### [Exercise]
Exclude the pictures, then repeat exactly each line from the one containing "Our Caledonian Double" to the final line of the records that follow.

(Source records)
===
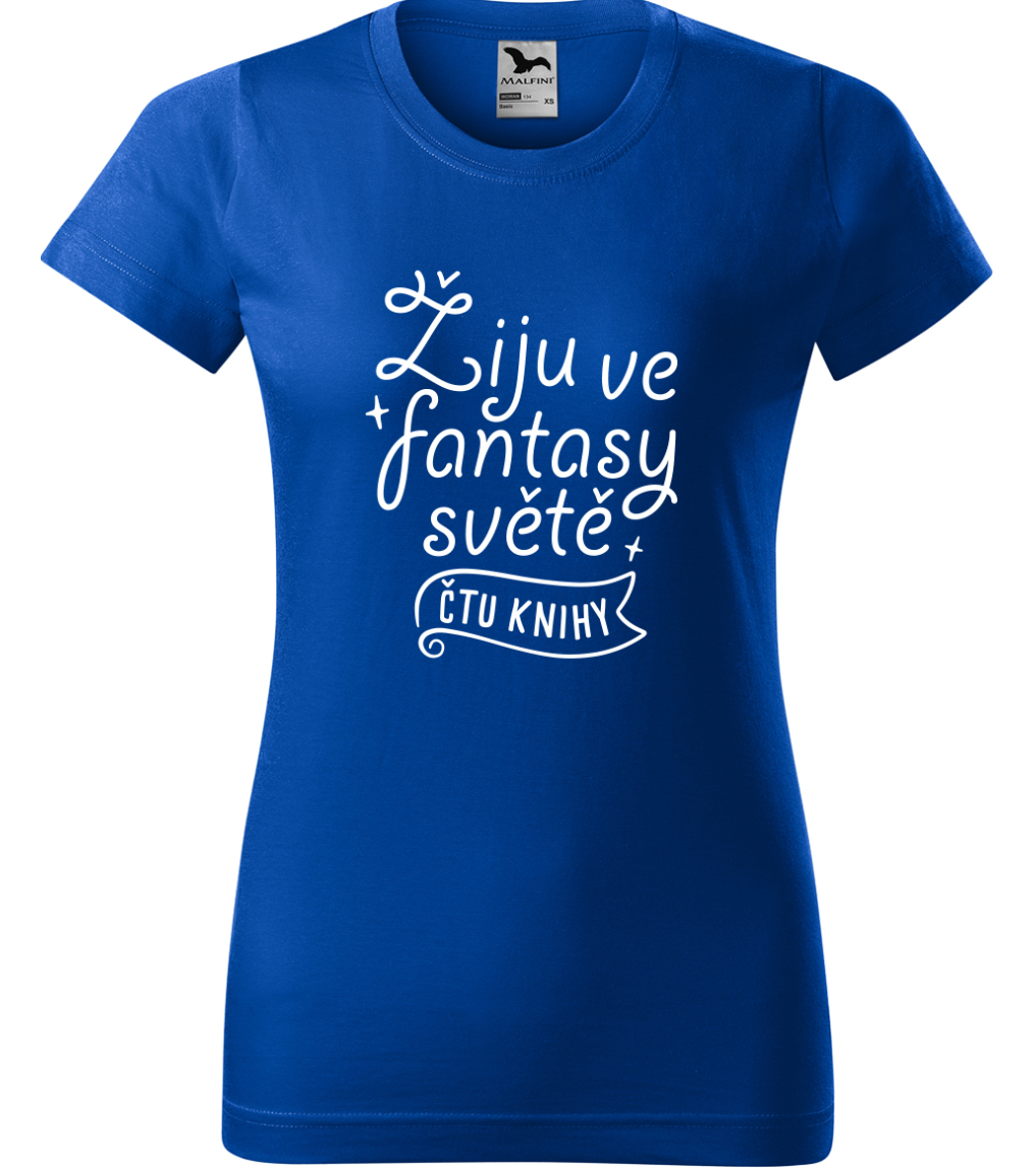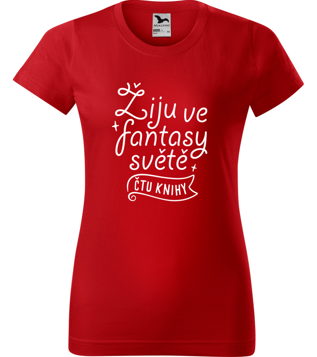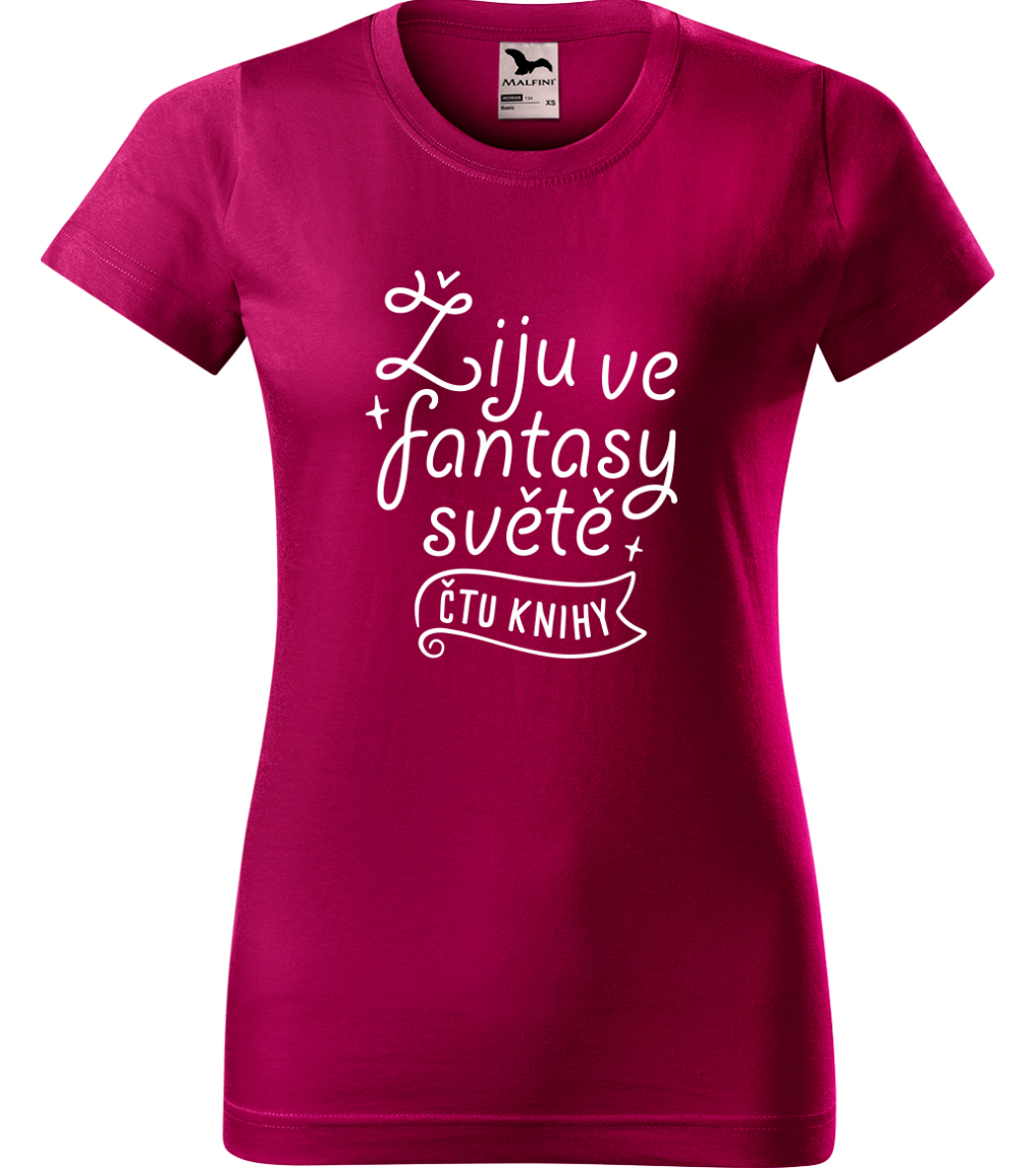 Dámské tričko s knihou - Žiju ve fantasy světě - čtu knihy
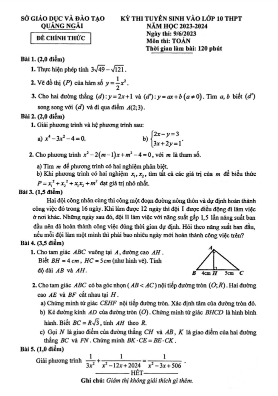 Đề tuyển sinh vào lớp 10 môn Toán năm 2023 – 2024 sở GD&ĐT Quảng Ngãi
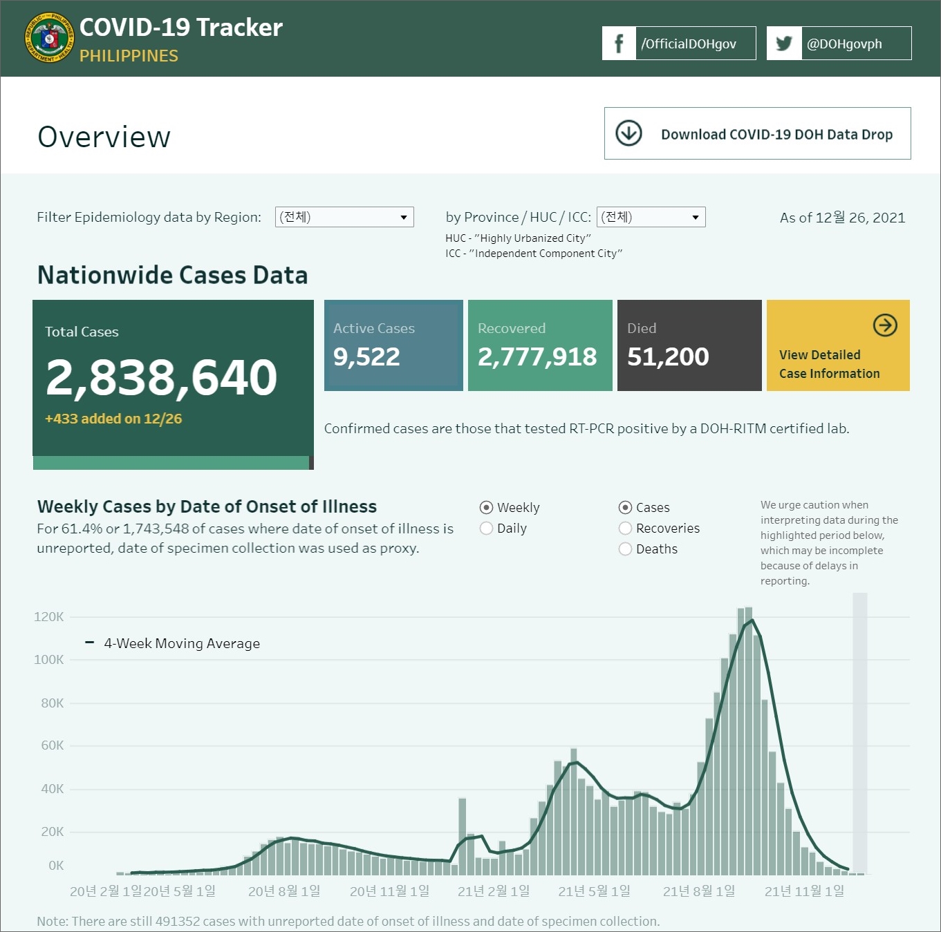 필리핀 코로나19 발생 현황 (2021년 12월 26일 현재)
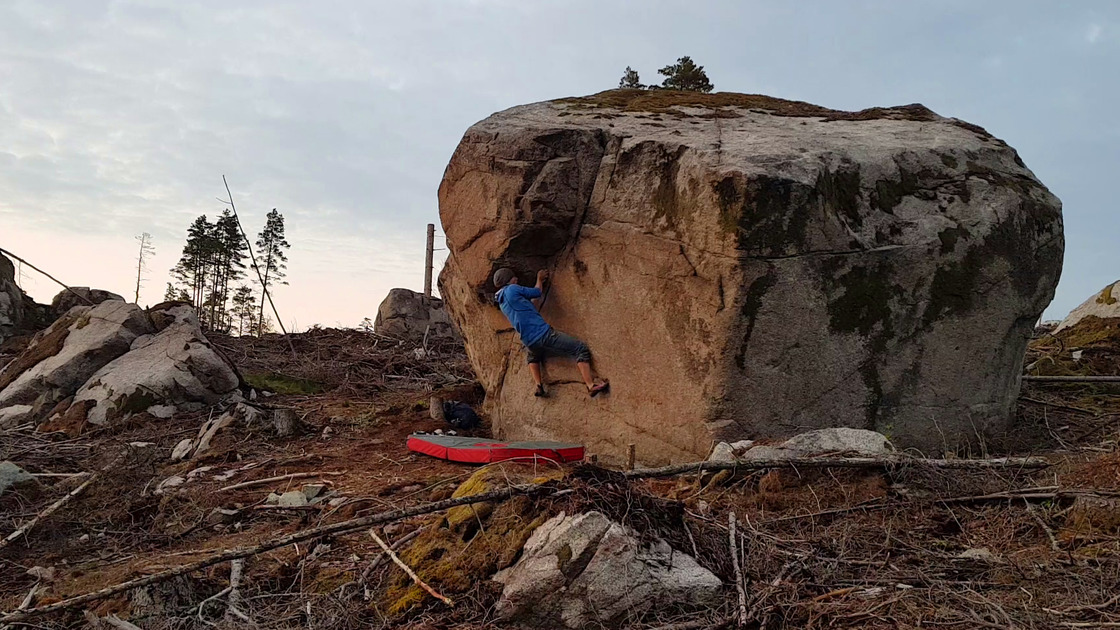 A couple of boulders close to the road in Strömby. Warm up on some of the easy problems and then send the lightly overhanging "Untergriff" which requires strong fingers for the crimps in the small crack and good foot technique.
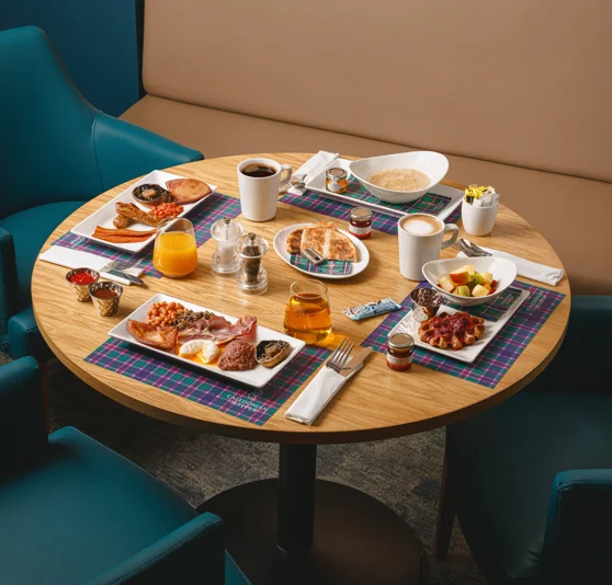 Our Caledonian Double and Club room guests can expect a range of options included in their booking, from a bacon roll to our full Highland Breakfast. Our Classic room guests can purchase breakfast, with options including Scottish Porridge, bacon rolls or yoghurt bowls.
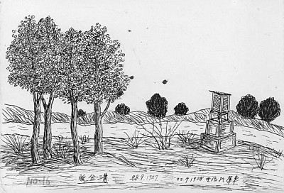 劉衍淮考察途中的畫作《額濟(jì)納河畔的觀測站》 (1927年9月28日)
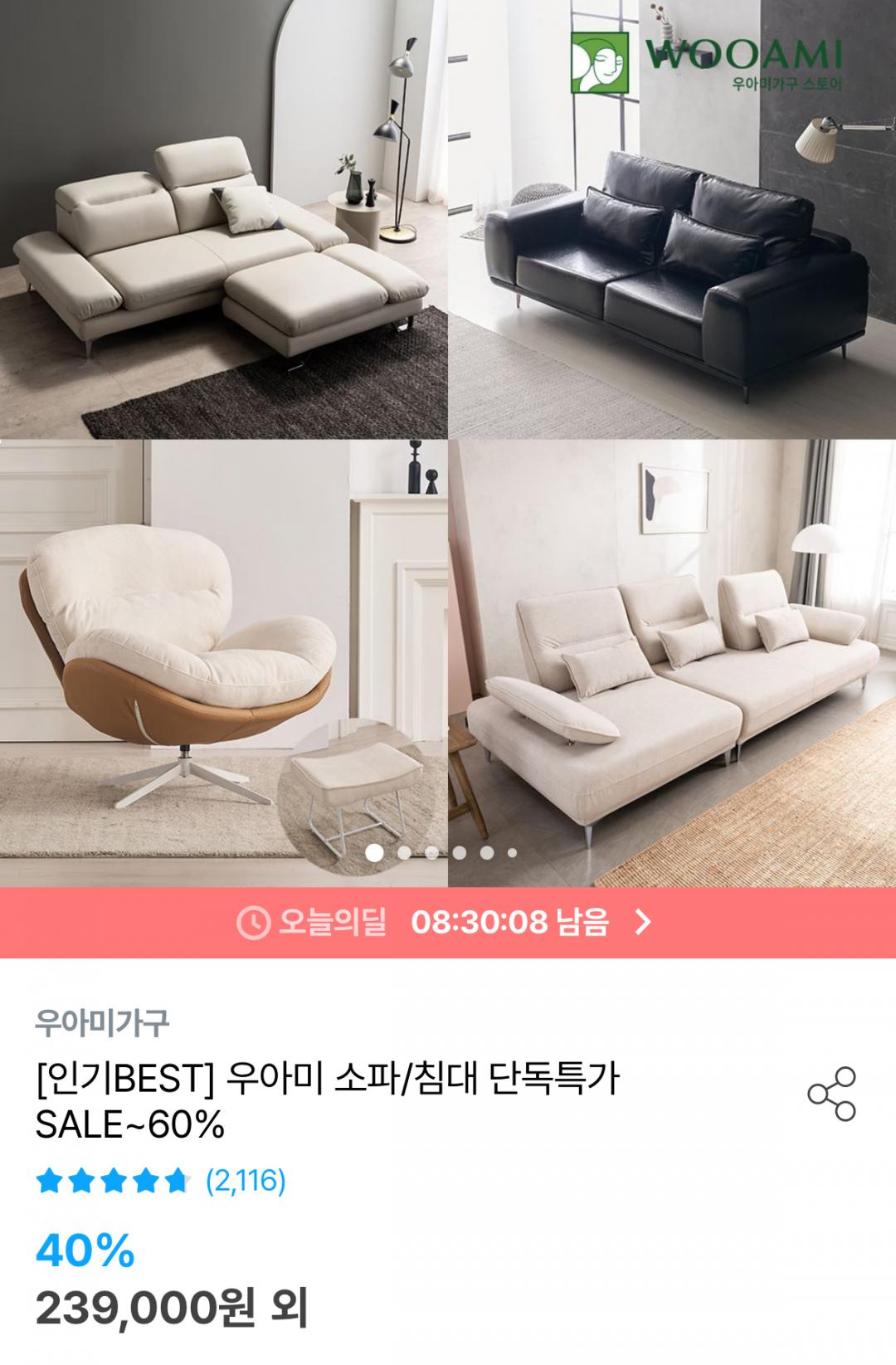 [오늘의집] 우아미 소파 사만다 4인용 조야 패브릭 쇼파 (499,000원/무료) > 국내핫딜
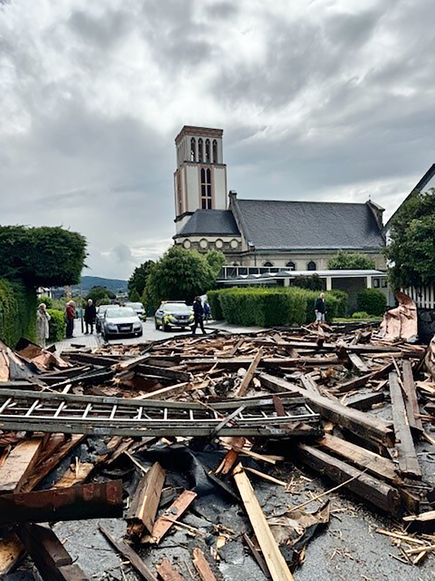 Schwerer Sturm zerstört Kirchturm in Hagen
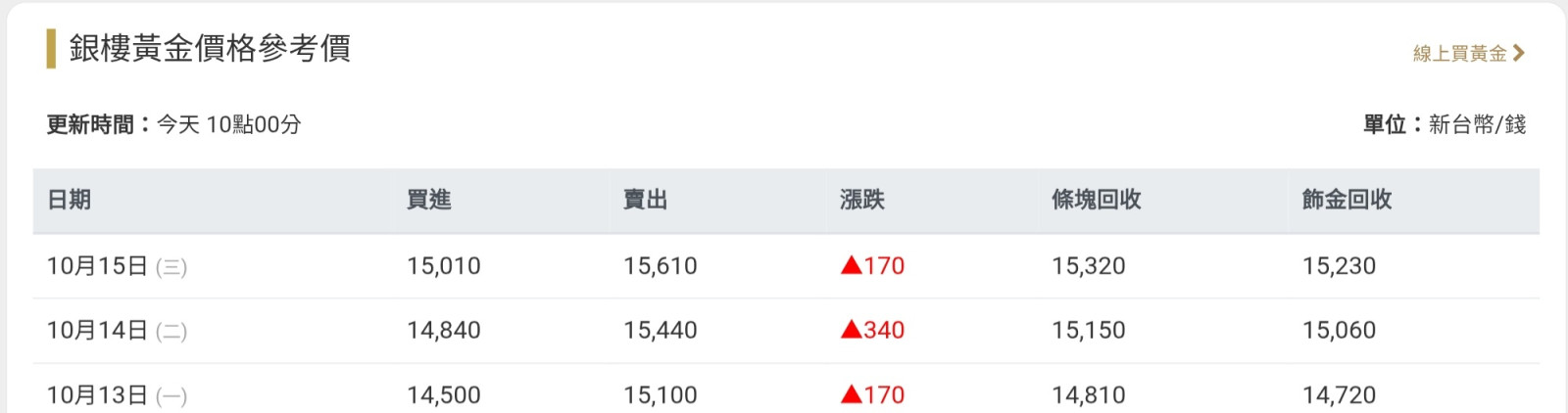 😊銀樓買賣實金,一天只有一個價格,沒辦法趁回頭抄短線,還好金金很爭氣,玩一玩還記得在高高的套房休息。
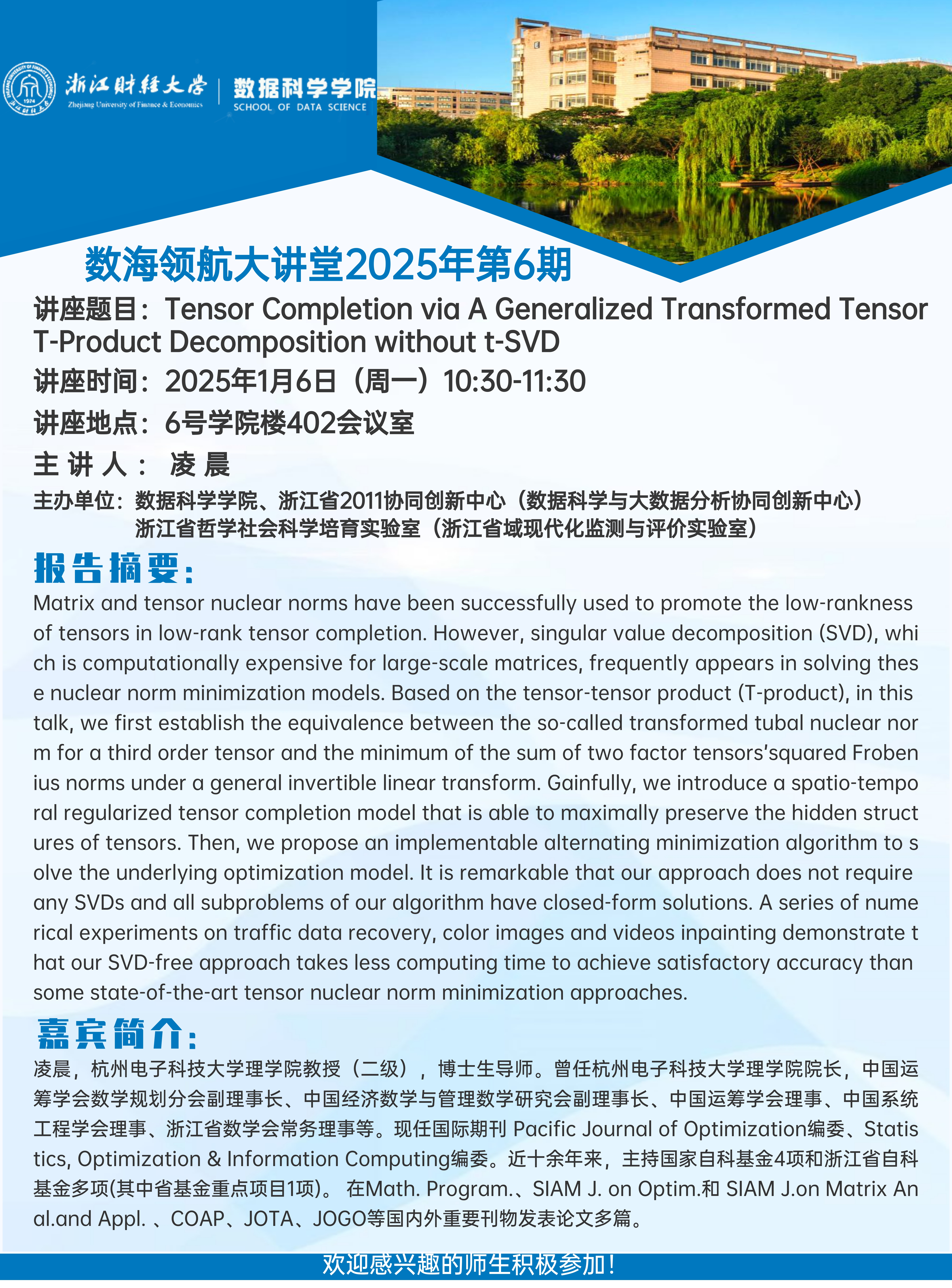 上一条:喜报!盘口分析 7位老师入选“2024中国知网高被引学者预发布名单” 下一条:数海领航大讲堂2025年第5期——南京航空航天大学蒋建林教授
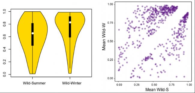 - 甲基化水平分布的組間比較,能夠更進(jìn)一步了解組間甲基化水平的變化。
===
### [Expected answer]
 Our Caledonian Double and Club room guests can expect a range of options included in their booking, from a bacon roll to our full Highland Breakfast. Our Classic room guests can purchase breakfast, with options including Scottish Porridge, bacon rolls or yoghurt bowls.
 劉衍淮考察途中的畫作《額濟(jì)納河畔的觀測站》 (1927年9月28日)
 [오늘의집] 우아미 소파 사만다 4인용 조야 패브릭 쇼파 (499,000원/무료) > 국내핫딜
 Schwerer Sturm zerstört Kirchturm in Hagen
 😊銀樓買賣實金,一天只有一個價格,沒辦法趁回頭抄短線,還好金金很爭氣,玩一玩還記得在高高的套房休息。
 上一条:喜报!盘口分析 7位老师入选“2024中国知网高被引学者预发布名单” 下一条:数海领航大讲堂2025年第5期——南京航空航天大学蒋建林教授
 - 甲基化水平分布的組間比較,能夠更進(jìn)一步了解組間甲基化水平的變化。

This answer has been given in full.